How Bark is Protection for Trees

Jodie Ferguson

Bark: It is defined by the American Heritage Dictionary as "the outer covering of the woody stems, branches, roots, and main trunks of trees and other woody plants, as distinguished from the cambium and inner wood. Most of us can easily identify bark when presented with a question similar to: where is the bark? To answer such a question we will point to a tree, because trees are covered in bark. This seems very obvious and is. There is much about bark, however, that most people either do not know or have never taken the time to know or realize. I can name at least ten different trees off the top of my head, and although each has bark, each type of bark is different. Bark can be used as an aesthetic way to distinguish one tree from another; tree A had bark of a dark, flaky variety whereas tree B had bark of a pale, tightly covering the tree variety. When one looks at bark aesthetically, one misses the point of bark: that it is a protective device for the tree, and that its unique characteristics are functional.

The state tree of New Hampshire is the white birch. The bark of this tree is papery and white. As children, we would often peel off pieces and write to each other on them. The white color is supremely white—as white as this page. I was talking to my mother earlier this evening and she told me that the color of the bark is to reflect the winter sunlight—if the tree absorbs too much heat it will die. The white color of the bark prevents this from happening. The white birch tree is found in New Hampshire as well as other northern regions. It loses its leaves in the winter, thereby exposing its bark to the harsh sunlight of winter. The pale color of its bark allows the tree to survive.

One of the most famous types of tree in America is the redwood. These huge trees are found mostly in California, and are artifacts of an unsettled American wilderness. To further express how large these trees are: redwoods average eight feet in diameter and can be as wide as twenty feet. There are some as tall as 375 feet, which is taller than the Statue of Liberty. A typical redwood forest contains more biomass per square foot than any other area on earth, including the rain forests in South America. These trees are large. It would seem that they would be unharmed by anything in nature—could you imagine a beaver trying to chew through a twenty foot wide trunk? Still, there are things in nature that can harm these trees—namely, fire. A fire can burn any tree. Redwoods are not invincible, but they have evolved to avoid being burnt to the ground by the periodic fires the area experiences. The branches of the redwood do not start until very high off the ground—the branches are thinner than the trunk and therefore are more easily devoured by flame. Because the trees are so thick, nearing a foot thick in some trees, the fire chars the wood instead of burning through it. The charred wood acts as a heat shield and prevents the entire tree from being destroyed. Redwood trees can also withstand Redwood trees have been around since about the time of the dinosaurs. As we all know, not much has survived from that time. (1)
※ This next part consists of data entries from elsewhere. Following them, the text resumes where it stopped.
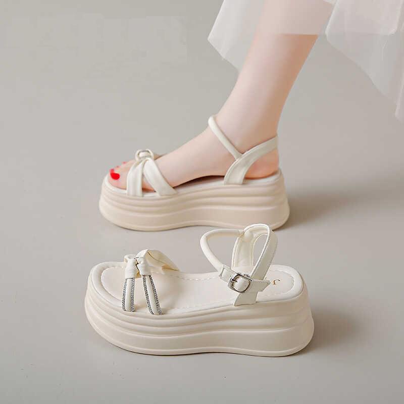 Босоножки на платформе женские летние 2024 новые модные туфли-маффины со стразами и юбками универсальные римские туфли для увеличения роста невысоких людей — купить товар онлайн с бесплатной доставкой до всему миру!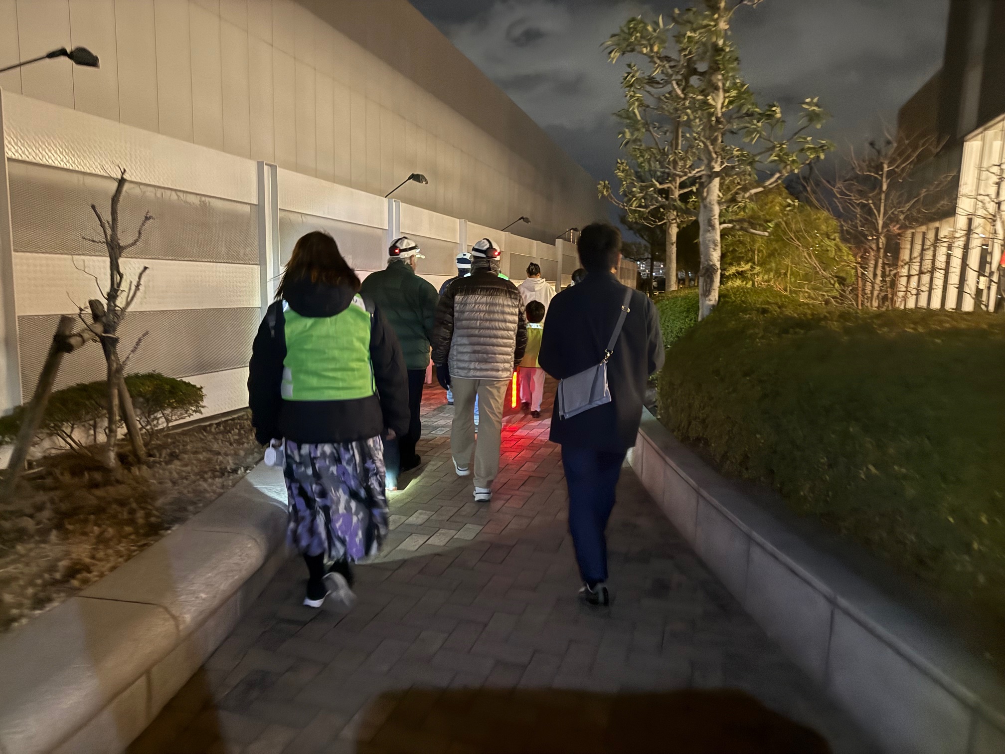 1.地震に伴い発生した火災を想定した避難訓練(火災発生階に応じた段階的避難)を実施し、
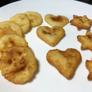 把和好的土豆和淀粉擀平,薄厚适中,用圆形模具扣出,再用筷子和小勺搞出眼睛和嘴巴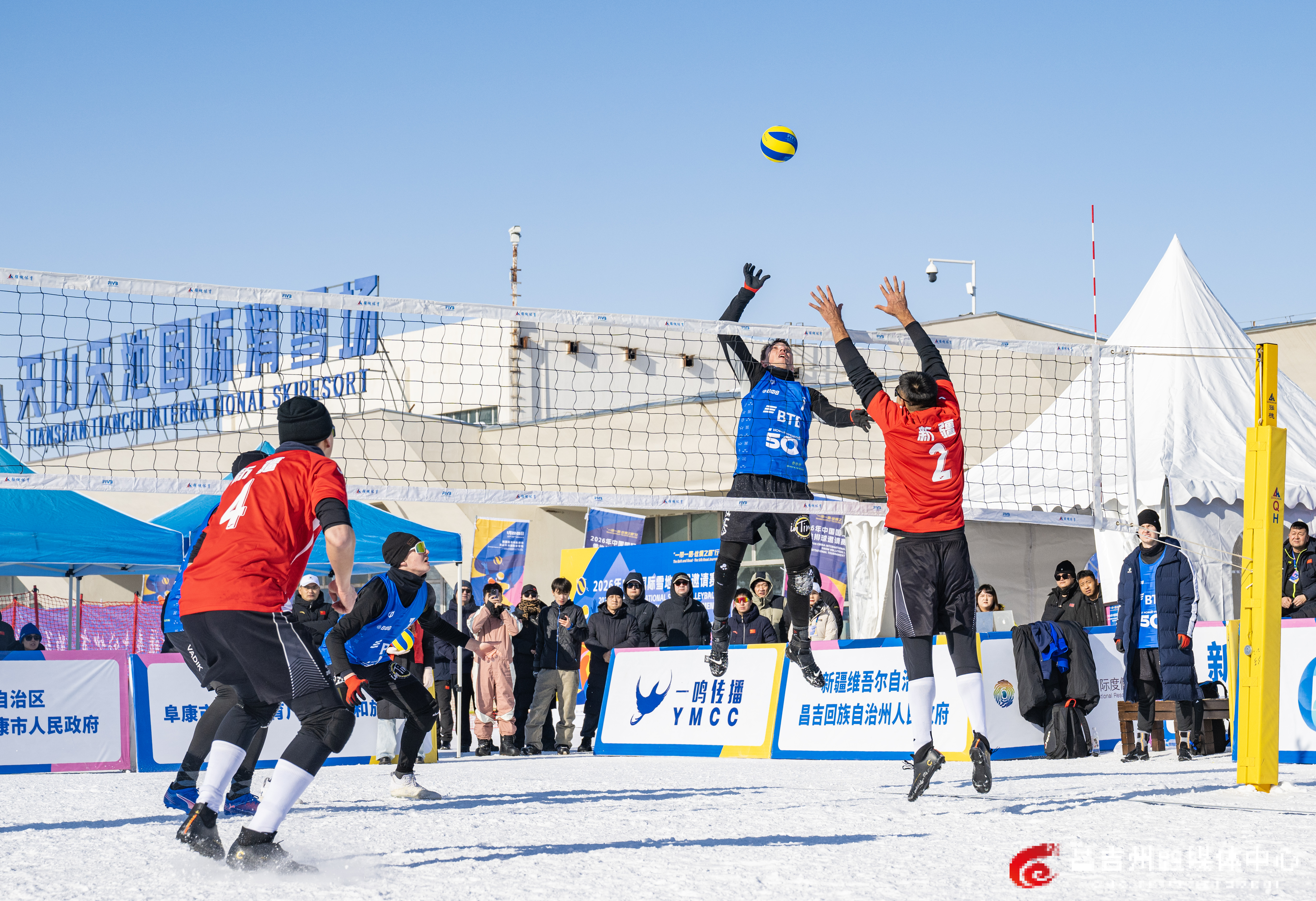 1月22日,阜康市天山天池国际滑雪场,“一带一路·丝绸之路”行2026年中国国际雪地排球邀请赛比赛现场。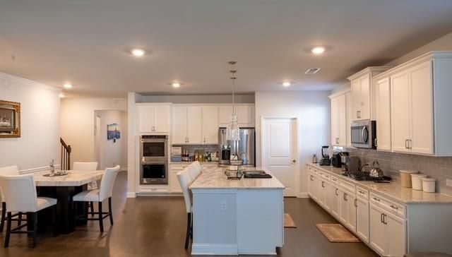 - Dishwasher, Disposal, Double Oven, Gas Cooktop, Microwave
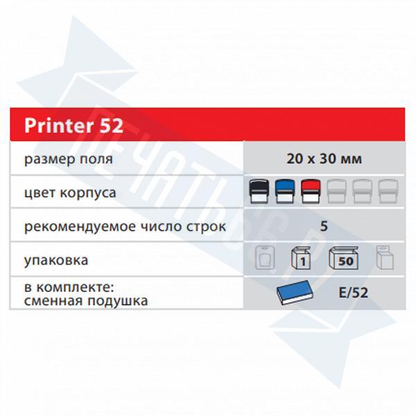 Оснастка Colop Printer 52 имеет: окно персонализации, клеевой слой для крепления клише печати. Штемпельная подушка E/52: сменная, синяя, в комплекте.

The Eucalyptus tree is to Australia as the redwood is to America. This tree is also found in California and other parts of the United States. The bark of the eucalyptus is very oily, so if it is caught in a fire the oil burns rather than the tree itself. The bark that is damaged by the fire sheds, so the tree does not catch on fire. There are also roots below ground that are very wet; their moisture protects them from the fire. There have been several reports of eucalyptus forests being completely burned, regenerating, being completely burned again, and regenerating again. To survive, the plant had to become resistant as possible to fire. That is what it has done. By being able to regenerate after a destructive fire, the plant adapts to a harsh climate. Other examples of plants that use fire to their advantage are the Jack pines, which have seritonous cones. This means that in order for the cones to open and go to seed, they must be exposed to direct and intense heat—that is, fire. Without the fire, the plant could not actually continue as a species.(2),(3)
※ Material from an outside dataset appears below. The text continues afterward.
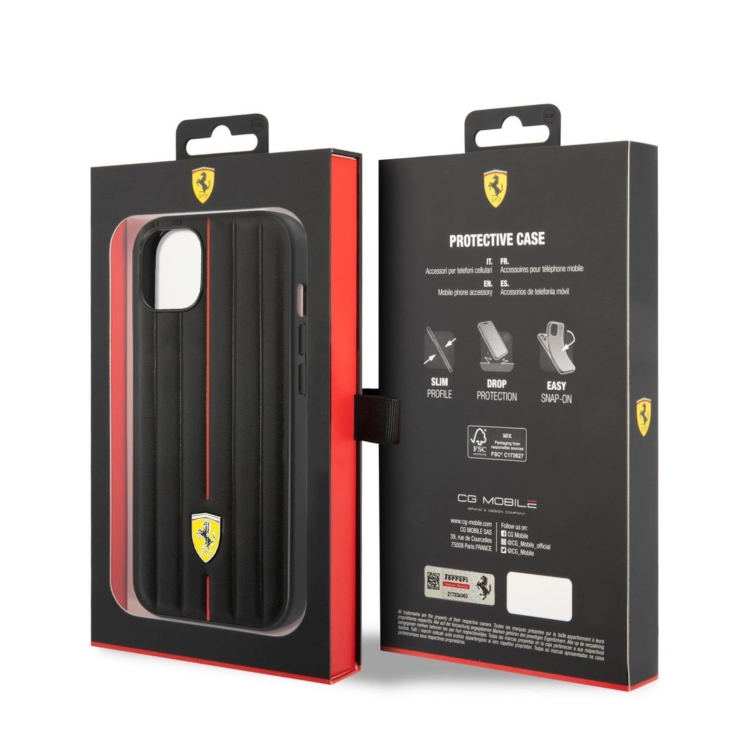 Ferrari Leather Embossed Stripes Zadní Kryt pro iPhone 14 Black

Bark serves to protect a tree. Without bark, there would not be trees. Bark has its uses to humans as well as to trees: Native Americans used birch bark to build canoes and wigwams. The bark was also used to write on. There are oils in many different barks around the world that humans use. These same oils and other chemicals in the bark of trees and other plants can also serve to protect the plant. We are all familiar with poison ivy, one of the most irritating poisonous plants. There are also trees with poisonous bark—trees that we are somewhat familiar with. A few such trees with poisonous bark are the black locust, the yew tree, and the elderberry tree. There are many other plants that are completely poisonous, which would include the bark, but they seem to be smaller plants that do not necessarily have bark. A poison in the bark is a way to prevent being eaten by animals. (4)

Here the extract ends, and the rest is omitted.